A anti-immigration protestor in Falkirk had a dreadful realisation yesterday.
“Scott, I’ve just noticed something.”
“These wokeists are all cowards.”
“Have you looked at our flags recently?”
“Our flags?”
“The pictures on our flags, have you looked at them?”
“No… a bit…”
“They’ve got skulls on them. Have you noticed that our flags have actually got pictures of skulls on them? They have the slogan ‘Kill ‘em all’ on them.”
“I don’t… uhm…”
“Scott, are we the baddies?”
After a few more hours heroically shouting at traumatised people who have fled torture and persecution, Robert was inclined to ask Scott a few more awkward questions.
“Why skulls though?” Why skulls?”
“Well, maybe they’re the skulls of our enemies.”

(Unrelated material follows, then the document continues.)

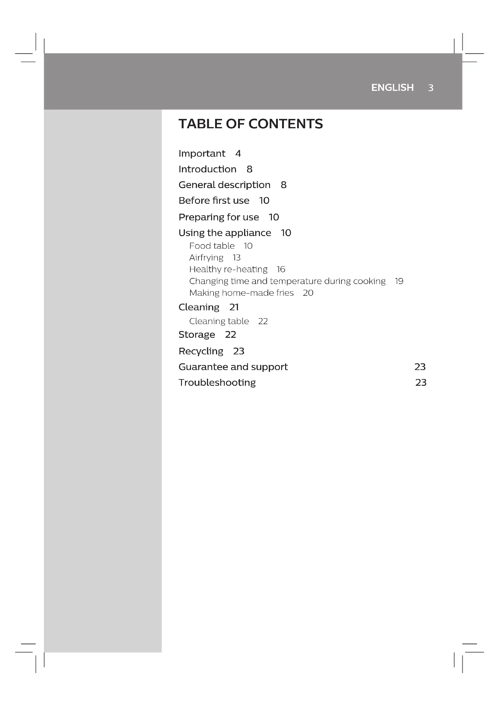 Important 4 Introduction 8 General description 8 Before rst use 10 Preparing for use 10 Using the appliance 10 Food table 10 Airfrying 13 Healthy re-heating 16 Changing time and temperature during cooking 19 Making home-made fries 20 Cleaning 21 Cleaning table 22 Storage 22 Recycling 23 Guarantee and support 23 Troubleshooting 234 ENGLISH Important Read this important information carefully before you use the appliance and save it for future reference. Danger - Always put the ingredients to be fried in the basket, to prevent them from coming into contact with the heating elements. - Do not cover the air inlet and the air outlet openings while the appliance is operating. - Do not ll the pan with oil as this may cause a re hazard. - Never immerse the appliance in water or any other liquid, nor rinse it under the tap. - Do not let any water or other liquid enter the appliance to prevent electric shock. - Never put any amount of food that exceeds the maximum level indicated in the basket. - Never touch the inside of the appliance while it is operating. Warning - Check if the voltage indicated on the appliance corresponds to the local mains voltage before you connect the appliance. - Do not use the appliance if the plug, the mains cord or the appliance itself is damaged. - If the mains cord is damaged, you must have it replaced by Philips, a service centre authorised by Philips or similarly qualied persons in order to avoid a hazard. - This appliance can be used by children aged from 8 years and above and persons with reduced physical, sensory or mental capabilities or lack of experience and knowledge if they have been given5 ENGLISH supervision or instruction concerning use of the appliance in a safe way and understand the hazards involved. Children shall not play with the appliance. Cleaning and user maintenance shall not be made by children unless they are older than 8 years and supervised. - Keep the appliance and its cord out of reach of children less than 8 years. - Keep the mains cord away from hot surfaces. - Only connect the appliance to an earthed wall socket. Always make sure that the plug is inserted into the wall socket properly. - This appliance is not intended to be operated by means of an external timer or a separate remote-control system. - Do not place the appliance against a wall or against other appliances. Leave at least 10 cm free space on the back and sides and 10 cm free space above the appliance. Do not place anything on top of the appliance. - Do not use the appliance for any other purpose than described in the user manual. - During hot air frying, hot steam is released through the air outlet openings. Keep your hands and face at a safe distance from the steam and from the air outlet openings. Also be careful of hot steam and air when you remove the pan from the appliance. - The accessible surfaces may become hot during use.6 ENGLISH - The pan, the basket and accessories inside the Airfryer become hot during use. Be careful when you handle them. - Do not place the appliance on or near a hot gas stove or all kinds of electric stove and electric cooking plates, or in a heated oven. - Never use light ingredients or baking paper in the appliance. - Do not place the appliance on or near combustible materials such as a tablecloth or curtain. - Do not let the appliance operate unattended. - Immediately unplug the appliance if you see dark smoke coming out of the appliance. Wait for the smoke emission to stop before you pull the pan out of the appliance. - Storage of potatoes: The temperature shall be appropriate to the potato variety stored and it shall be above 6°C to minimize the risk of acrylamide exposure in the prepared foodstu. - Do not plug in the appliance or operate the control panel with wet hands. Caution - This appliance is intended for normal household use only. It is not intended for use in environments such as sta kitchens of shops, oces, farms or other work environments. Nor is it intended to be used by clients in hotels, motels, bed and breakfasts and other residential environments.7 ENGLISH - Always return the appliance to a service centre authorised by Philips for examination or repair. Do not attempt to repair the appliance yourself, otherwise the guarantee becomes invalid. - If the appliance is used improperly or for professional or semi-professional purposes or if it is not used according to the instructions in the user manual, the guarantee becomes invalid and Philips refuses any liability for damage caused. - Always place and use the appliance on a dry, stable, level and horizontal surface. - Always unplug the appliance after use. - Let the appliance cool down for approx. 30 minutes before you handle or clean it. - Make sure the ingredients prepared in this appliance come out golden-yellow instead of dark or brown. Remove burnt remnants. Do not fry fresh potatoes at a temperature above 180°C (to minimise the production of acrylamide). - Be careful when cleaning the upper area of the cooking chamber: Hot heating element, edge of Metal parts. Electromagnetic elds (EMF) This Philips appliance complies with all applicable standards and regulations regarding electromagnetic elds. Automatic shut-o This appliance is equipped with an automatic shut-o function. If you do not press a button within 30 minutes, the appliance switches o automatically. To switch o the appliance manually, press the power On/o button.8 ENGLISH Introduction Congratulations on your purchase and welcome to Philips! To fully benet from the support that Philips oers, register your product at www.philips.com/welcome. Philips Airfryer is the only Airfryer with unique Rapid Air technology to fry your favorite foods with little or no added oil and up to 90% less fat. Enjoy crispier results with Philips Rapid Air for 7x faster airow. It cooks food all around as well as our starsh design for perfect results from your rst bite to your last. You can now enjoy perfectly cooked fried food—crisp

“Maybe… but is that how it comes across? It does not say next to the skull ‘Yeah, we are not genocidal Nazis’. It literally says Kill ‘em all. Whereas the counter protestors over there…”
“Oh you haven’t been listening to woke propaganda have you? Of course they’re going to say we’re the bad guys.”
“But they didn’t get to design our flags! Their symbols are all quite nice: rainbows, watermelons, boats…”
“What’s so good about boats?”
“Well, nothing, and if there is one thing we have learned in a thousands miles of chasing refugees around the country, it’s that Scotland’s ferries are in dire need of modernisation.”
“Tell me about it.”
“But you have to say, it’s better than a skull. I mean I really can’t think of anything worse as a symbol than a skull.”
“A terrifying sun born of a bad acid trip called Kingsley?”

“And if we were protesting against a collection of Partick Thistle mascots, I’d probably be a lot less worried, Scott.”
The demonstration called Save Our Future & Our Kids Futures’s (sic) listed refugees’ poor English language skills among its complaints.